04/1/16

Barbara Rose Johnston, reflections on a lecture (SfAA Vancouver, 2016)

This year at the SfAA meetings in Vancouver I was honoured to serve as one of two discussants of the Michael Kearney Memorial Lecture (the other discussant was Mark Schuller). The lecturer was the noted scholar, Barbara Rose Johnston. Barbara’s work highlights the importance of linking environmental justice with human rights. Her lecture on March 31, 2016 was “a mix of stories, reflexive voice and analysis” that  explored the twin precipices of environmental disaster and disregard for human rights. While acknowledging simultaneously the potential of victory and the draining sense that power inevitably unleashes horrific backlashes, Barbara found a moment of hope in her concluding observation that “by documenting, communicating and advocating for a healthy transformative change we redefine the fundamental agendas that guide institutions of power.” 

The session was recorded by the SfAA Podcast Team and is to be posted.

These are my discussant comments.

What is to be Done? An action plan for transformative change.

“The transformative change that environmental justice struggles seek to achieve require fundamental alterations in the architecture of power.” Barbara Rose Johnston, 2016.
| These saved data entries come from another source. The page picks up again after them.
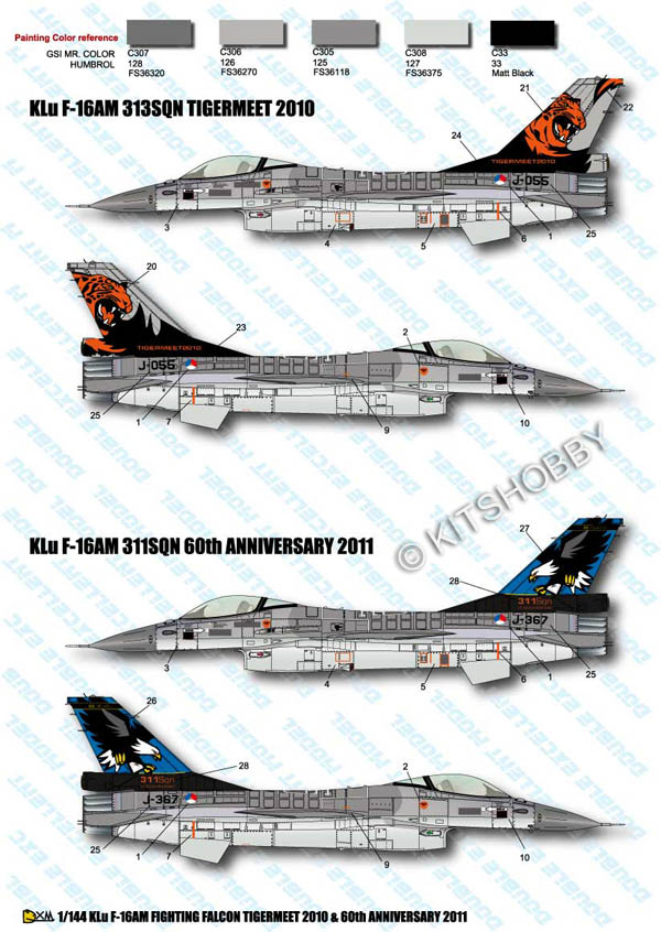 1/144 荷蘭皇家空軍F-16AM 313中隊2010老虎會/311中隊60周年紀念塗裝 水貼
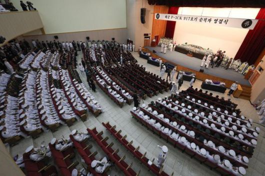 1일 경북 포항시 해군 항공사령부 강당에서 '해군 P-3CK 917호기 순직자 영결식'이 엄수되고 있다. [사진=연합뉴스] |
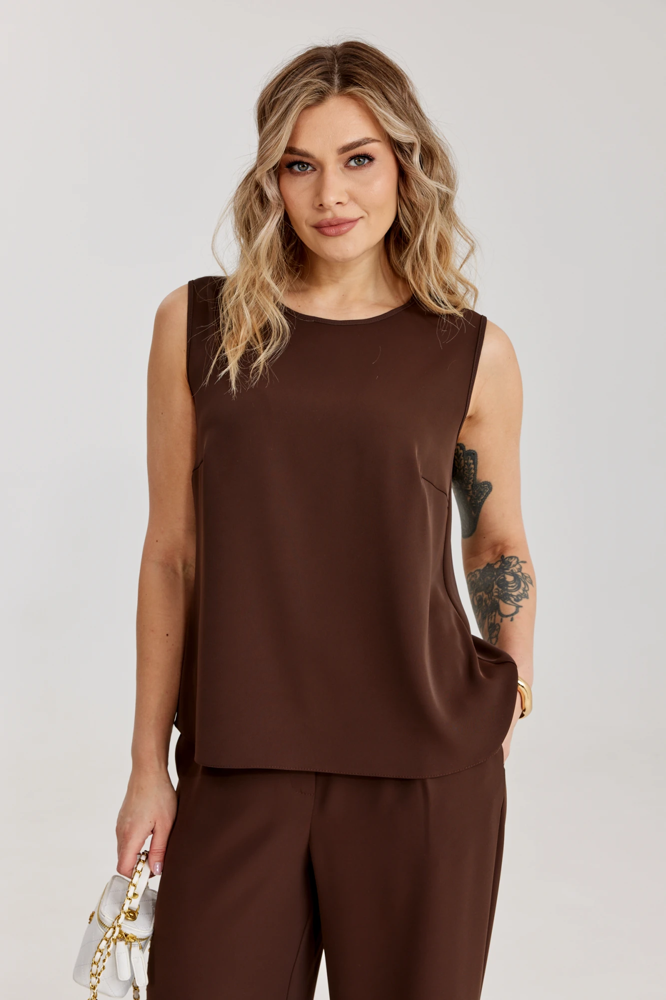 Брючный костюм KALORIS 2298 тройка бело-коричневый
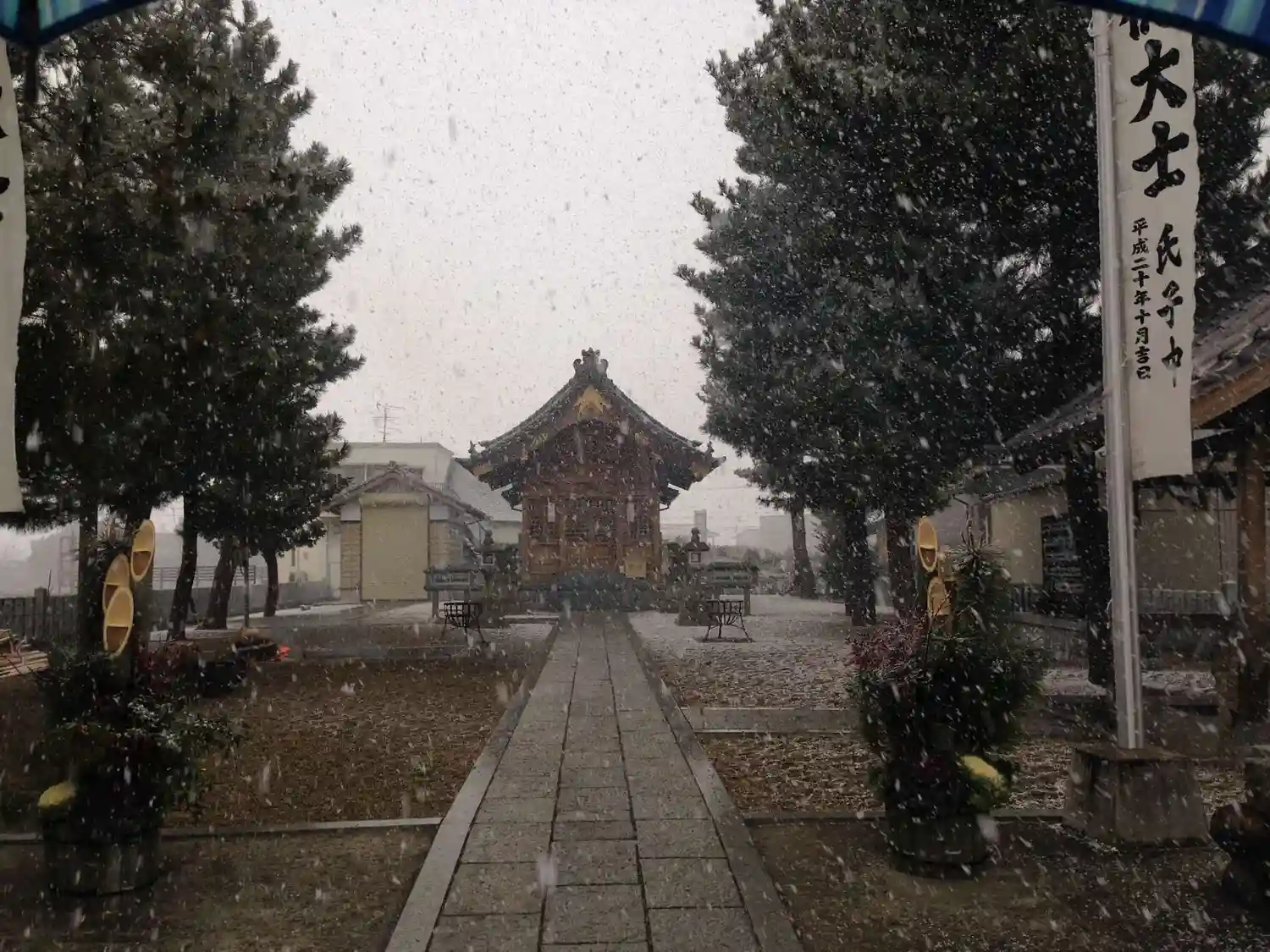 正月から雪がふってた

No truer words have been spoken. But. We know this. So why can’t we move forward? As academics we often suggest that to know the context gives us the answer and provides a path forward – a solution. From experience we build a response. But then Dr. Johnson reminds us of the backlash that comes with each tiny victory – the ways ruling classes dispenses punitive discipline enacted upon the bodies of Indigenous and working class peoples. Is this the grit that makes us stronger? Is this the experience that teaches us the way forward? What is to be done?

The Egyptian Arab Spring first encouraged us as an exemplar of the new digital social entrepreneurial activism. That a few young people on twitter and facebook could rouse a nation from slumber and bring down a corrupt authoritarian leader gave people hope across the globe. The reports from Tahir Square amplified the story of this new twitter revolution. Then the backlash, the disappointment as the story took what was presented as a surprising tone; but clearly for those of us who study social revolution we feared the outcome wasn’t going to be CNN-rosy for long. The only organization that had the institutional structure in place that had survived Mubarak’s attacks against civil society organizations was the authoritarian Muslim Brotherhood. Their grasp of state power was short lived. And the generals returned to power reinstating the status quo.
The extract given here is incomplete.